電子デバイス産業新聞(旧半導体産業新聞)
新聞情報紙のご案内・ご購読 書籍のご案内・ご購入 セミナー/イベントのご案内 広告のご案内

ゲーム用が高付加価値化を牽引


~コロナ禍で変貌したモニター市場~

2021/10/1


■デスクトップモニター
 コロナ禍によって、デスクトップモニター市場は大きな変貌を遂げた。以前は付加価値を付けづらかったが、巣ごもり消費やリモートワーク、遠隔教育の急速な普及で大型ディスプレーを要する用途が増え、使い方の定義が変わった。当社の調べで、デスクトップモニターの出荷台数は2020年1~3月期の2860万台をボトムとして、21年1~3月期には3700万台まで拡大し、需要が継続的に高まっている。

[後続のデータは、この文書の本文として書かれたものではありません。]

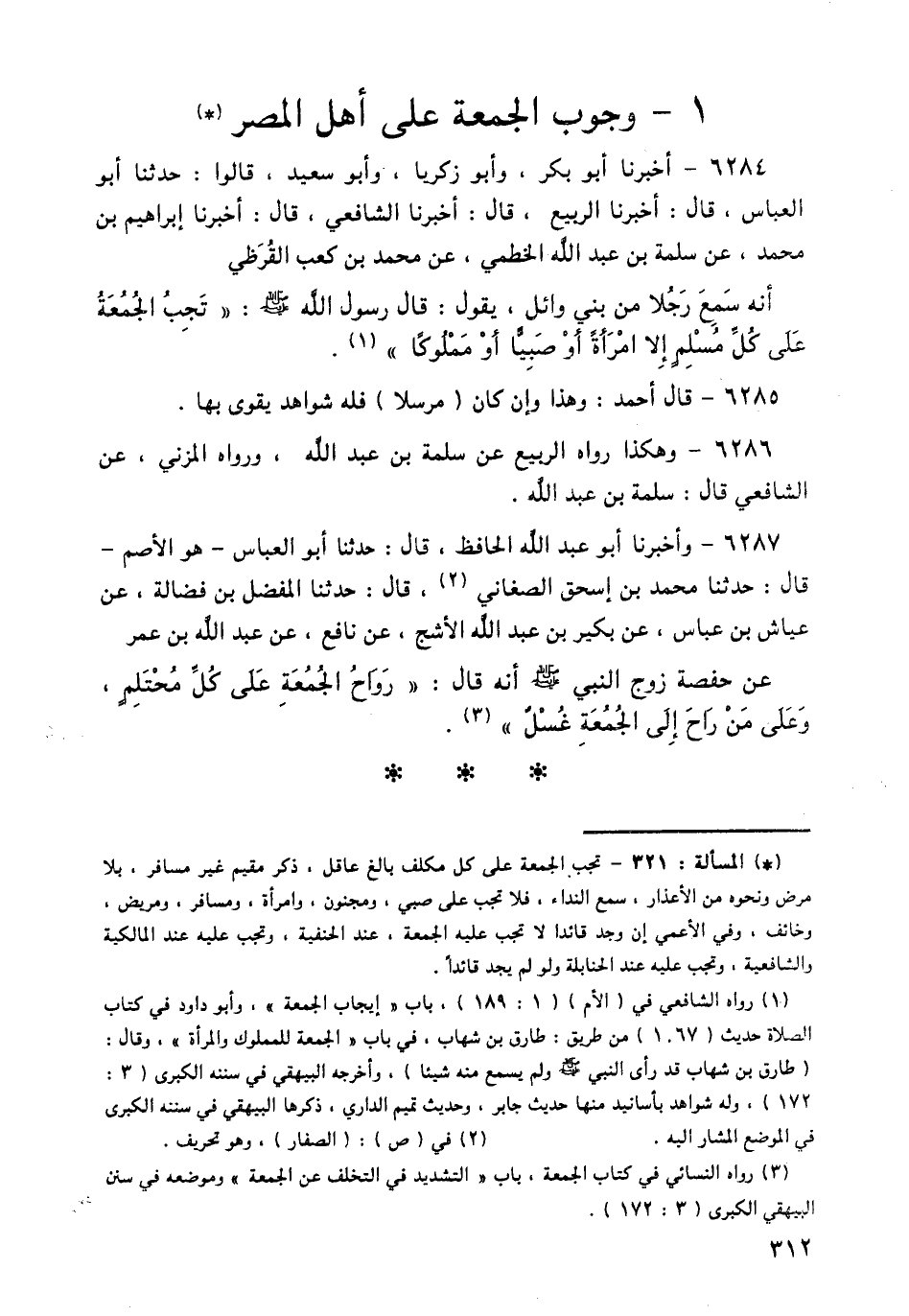 6284 - أَخْبَرَنَا أَبُو بَكْرٍ، وَأَبُو زَكَرِيَّا، وَأَبُو سَعِيدٍ قَالُوا: حَدَّثَنَا أَبُو الْعَبَّاسِ قَالَ: أَخْبَرَنَا الرَّبِيعُ قَالَ: أَخْبَرَنَا الشَّافِعِيُّ قَالَ: أَخْبَرَنَا إِبْرَاهِيمُ بْنُ مُحَمَّدٍ، عَنْ سَلَمَةَ بْنِ عَبْدِ اللَّهِ الْخَطْمِيِّ، عَنْ مُحَمَّدِ بْنِ كَعْبٍ الْقُرَظِيِّ، أَنَّهُ سَمِعَ رَجُلًا مِنْ بَنِي وَائِلٍ يَقُولُ: قَالَ رَسُولُ اللَّهِ صَلَّى اللهُ عَلَيْهِ وَسَلَّمَ: § «تَجِبُ الْجُمُعَةُ عَلَى كُلِّ مُسْلِمٍ إِلَّا امْرَأَةً أَوْ صَبِيًّا أَوْ مَمْلُوكًا»

 この間の液晶パネルの価格上昇にも後押しされ、平均売価も上昇している。従来は100ドル以下のモニターがボリュームゾーンだったが、現在は100~200ドルが主流になった。大画面化やハイエンドなゲーム用の増加といった要因に加え、カラーマネジメントモニターなど専門用途のモニターの出荷拡大も寄与している。

 販売面では、コロナ禍に伴ってB2Cチャネルでの販売が大きく伸びた。従来はB2Bチャネルでの販売比率が65%前後あったが、直近では50%強まで下がっている。ただし今後は、企業や学校における購入費の予算化などでB2Bの比率が徐々に増加してくるのではとみている。

 足元の需要は堅調だが、22年のデスクトップモニター市場は横ばい~微減になると想定される。コロナ需要がいったんピークアウトするのが主因で、半導体不足も徐々に解消に向かうためだ。ハイエンドのスケーラーチップが恒常的に不足している影響は残るが、B2Bの汎用モニターではFPGAを用いたシンプルなスケーラーチップを採用するなどして不足を回避する動きが出ている。


■ゲーミングモニター
 巣ごもり需要で市場が急拡大しているのがゲーミングモニター。20年の出荷台数は1510万台と前年から倍増以上となったが、21年は2180万台、22年は2570万台と引き続き成長が見込まれ、今後はノートPCとの接続のみならず、プレイステーション5やXbox Series X/Sといった新型のコンソールゲーム機との接続需要増加も期待でき、上ぶれる可能性もある。

 リフレッシュレートは、これまで144Hzが主流だったが、165Hzへ高速化が進んでいる。画像のちらつきを抑制するVRR(Variable Refresh Rate)やHDMI2.1への対応などによって対応するコンテンツやアプリケーションが増加し、ドライバーICやTCONといった搭載される半導体にも性能向上が要求されている。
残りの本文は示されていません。